Я выщелкнул обойму и передернул затвор. Потянул его назад, снял и швырнул в воду.
– Что ты там делаешь? – спросила Энджи.
– Выбрасываю свой пистолет в реку Чарльз.
– Врешь.
– Не вру. – Я закинул обойму в медленный речной поток. За ней последовала рукоять. Теперь у меня в руках оставались только одна пуля и рама. Я задумчиво посмотрел на то и другое.
– Ты только что выкинул свой пистолет? Сорок пятый?
– Да, мэм.
Я бросил раму по широкой дуге, и она упала в воду с громким всплеском.
– Милый, он понадобится тебе для работы.
– Нет, – сказал я. – Больше я этим дерьмом заниматься не буду. Майк Колетт предложил мне работу у него в транспортной компании. И я собираюсь согласиться.
– Ты серьезно?
– Знаешь что? – Я обернулся и посмотрел на трейлер. – Когда только начинаешь, думаешь, что должно случиться нечто из ряда вон выходящее, чтобы тебя пробрало. Мальчик в ванне в девяносто восьмом. Случай в баре Джерри Глинна. Бункер в Плимуте… – Я сделал глубокий вдох и выдох. – Но под кожу проникают не эти моменты, а всякие мелочи. Меня угнетает не то, что люди готовы сожрать друг друга за миллион долларов, а то, что они с удовольствием делают это за десять. Мне уже абсолютно наплевать, изменяет кому-то его жена или нет, потому что он, скорее всего, это заслужил. А все эти страховые компании? Я помогаю им доказать, что клиент только прикидывается, что у него травма шеи, а они, в свою очередь, аннулируют половину страховок, стоит на горизонте замаячить экономическим трудностям. Последние три года каждое утро, когда я сижу на кровати и обуваюсь, мне хочется заползти обратно под одеяло. Потому что я не хочу заниматься тем, чем вынужден заниматься.

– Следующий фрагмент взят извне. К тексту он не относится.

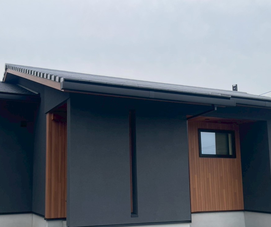 グレーを濃くすることで、深みのある色の外壁に仕上げました。木目調のサイディングで、周りの景色と馴染む外観になっています。写真を撮りそびれたのですが、玄関ドアは引き戸にすることで、省スペースと開けやすさを感じられます。玄関ドアや軒天・破風板も同じように木目にすることでより統一感が生まれています🌲

– Но ты ведь много хорошего сделал. Ты это знаешь?
Я так не считал.
– Сделал, сделал, – настойчиво повторила она. – Все, кого я знаю, врут, нарушают данное слово, и у всех есть оправдание. Все, кроме тебя. Ты этого никогда не замечал? За двенадцать лет ты дважды пообещал, что найдешь эту девочку во что бы то ни стало. И нашел. А почему? Потому что ты, милый, дал слово. Может, для всех остальных это не значит ничего, но для тебя это много значит. Что бы сегодня ни произошло, ты нашел ее дважды, Патрик. Когда больше никто и пытаться не хотел.

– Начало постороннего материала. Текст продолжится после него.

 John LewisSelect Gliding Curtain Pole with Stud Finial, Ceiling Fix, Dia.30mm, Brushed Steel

Я смотрел на реку. Хорошо бы спрятаться под ее водами.
– Я понимаю, почему ты больше не можешь этим заниматься, – сказала моя жена, – но я даже слышать не хочу про то, что все это было бессмысленно.
Какое-то время я просто стоял и смотрел на реку.
– Кое-что из этого имело смысл.
– Кое-что имело, – сказала она.
Я смотрел на голые деревья на фоне безоблачного неба.
– Я правда больше не могу. Хватит. Тебя это устраивает?
– Стопроцентно, – сказала она.
– У Майка Колетта удачный год. Бизнес процветает. В будущем месяце он открывает новый склад неподалеку от Фрипорта.
– А у тебя богатый опыт. Ты студентом подрабатывал на разгрузке… Ты действительно видишь себя в этой сфере через десять лет?
– Что? Нет. Или ты хочешь, чтобы я через десять лет оставался в этом бизнесе?
– Нет, конечно.
– Я думаю получить магистерскую степень. Пожалуй, смогу выбить грант или что-нибудь вроде того. Оценки у меня в дипломе, между прочим, довольно-таки офигительные.
– Офигительные? – Она усмехнулась. – Ты учился в государственном колледже.
– Это удар ниже пояса. Но ничего не поделаешь: оценки и правда офигительные.
– И кем же станет мой муж в ближайшем будущем?
– Подумываю об учительской карьере. Может, пойду историю преподавать.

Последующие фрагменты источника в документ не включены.